YOUR OBJECTIVE: Copy the lines below exactly, starting at the one with "the students. |" and ending at the one with "保育園 幼稚園 こども園", and leave out any picture.
Start of DATA FOR ANALYSIS
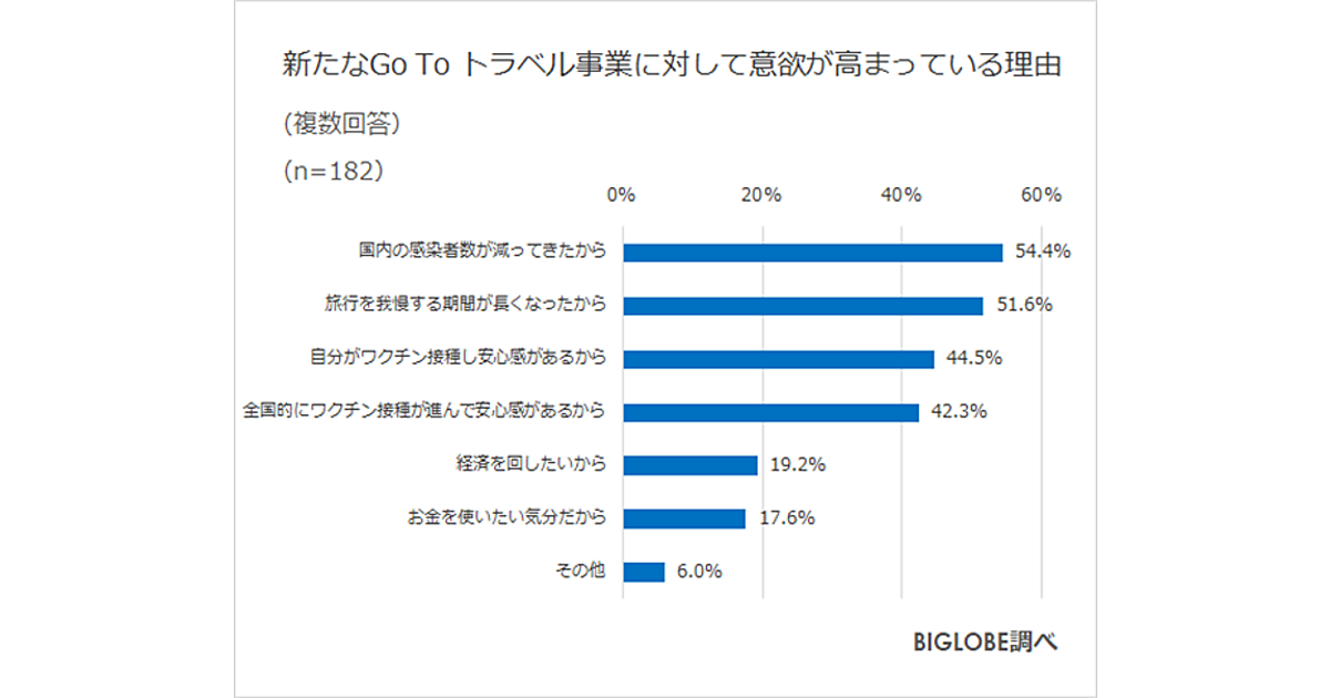 新たなGo Toトラベル事業に対する意欲が「高まっている」と回答した182人に、その理由を聞くと、「国内の感染者数が減ってきたから」54.4%、「旅行を我慢する期間が長くなったから」51.6%、「自分がワクチンを接種し安心感があるから」44.5%、「全国的にワクチン接種が進んで安心感があるから」42.3%が上位だった。しかしこの前提が変わってきており、再開時期については不透明な状況が当分続くと考えられる。
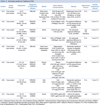 Among the five studies assessing cadmium concentration in blood samples of patients with Alzheimer’s disease compared with healthy controls, no significant differences emerged between the two groups (p>0.05). Only one paper21 reported different results, showing a statistically significant (p=0.001) increase in cadmium levels among AD patients. Of note, this study included only 39 subjects, having the smallest size among the considered studies. Only one study19 investigated variations in cadmium cerebrospinal fluid level, showing no statistically significant difference between AD and non AD subjects.
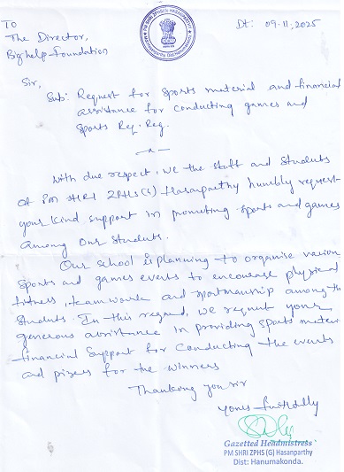 | Head Mistress of Zilla Parishad Girls High School, Hasanparthy, Warangal district, Telangana requested Bighelp to provide sports material to their school for organizing various sports and games events to physical fitness, team work and sportsmanship among the students. |
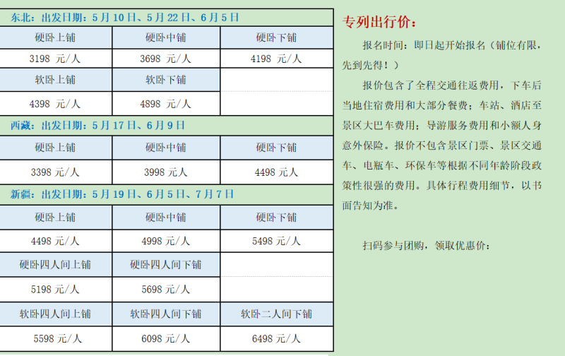 团购价最高优惠800元!东北、新疆、西藏10趟旅游专列火热报名中
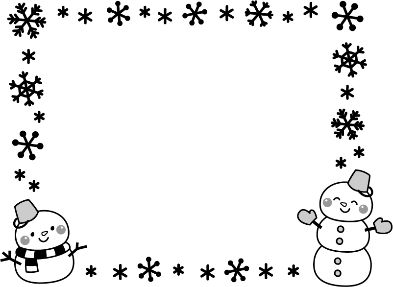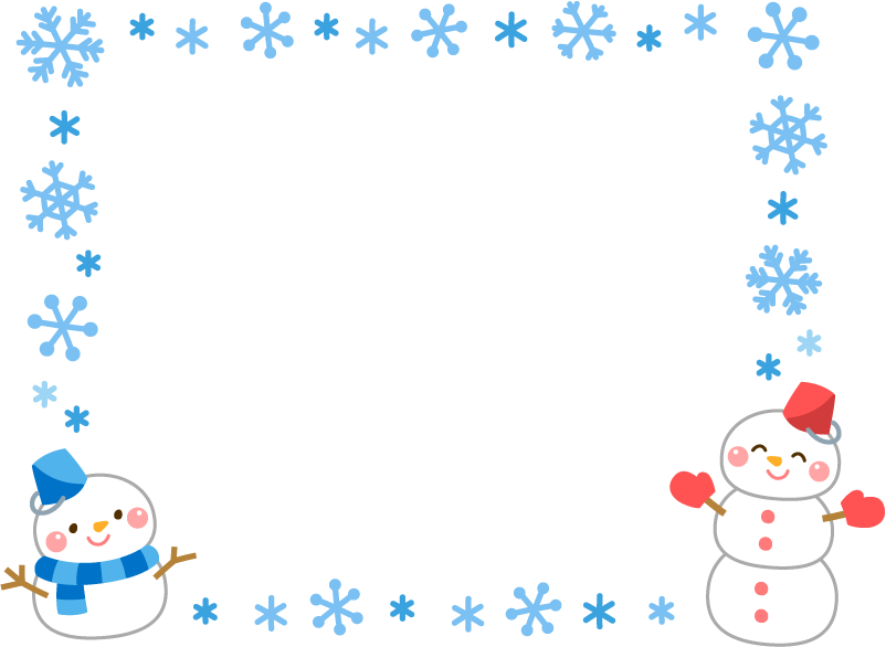 保育園 幼稚園 こども園 園だより えんだより 冬フレーム ゆきだるま 雪だるま 雪ダルマ バケツ マフラー ゆき 雪 雪の結晶 手袋
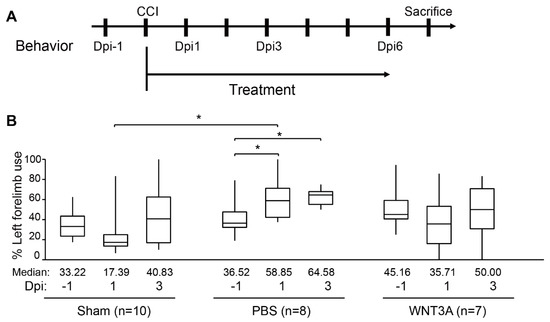 Intranasal administration of WNT3A preserves motor function of CCI mice. (A) Timeline of the experimental design for cylinder test. Dpi, day post injury. (B) The box plots of mice forelimb placing capacity in the left (ipsilateral unimpaired) forelimb before and after CCI for sham control (n = 10), PBS control (n = 8), and WNT3A treatment (n = 7) (−1 to 3 dpi). The boundaries of the boxes closest and farthest to the zero point indicate the 25th and the 75th percentiles, respectively. The black bars within the boxes mark the median and the values are presented below the plot. The limit of whiskers above and below the boxes mark the maximal and minimal values respectively. * p ≤ 0.05, analyzed by Two-way ANOVA followed by Tukey’s test.
End of DATA FOR ANALYSIS
REPLY TO THE TASK:
 | Head Mistress of Zilla Parishad Girls High School, Hasanparthy, Warangal district, Telangana requested Bighelp to provide sports material to their school for organizing various sports and games events to physical fitness, team work and sportsmanship among the students. |
 团购价最高优惠800元!东北、新疆、西藏10趟旅游专列火热报名中
 保育園 幼稚園 こども園 園だより えんだより 冬フレーム ゆきだるま 雪だるま 雪ダルマ バケツ マフラー ゆき 雪 雪の結晶 手袋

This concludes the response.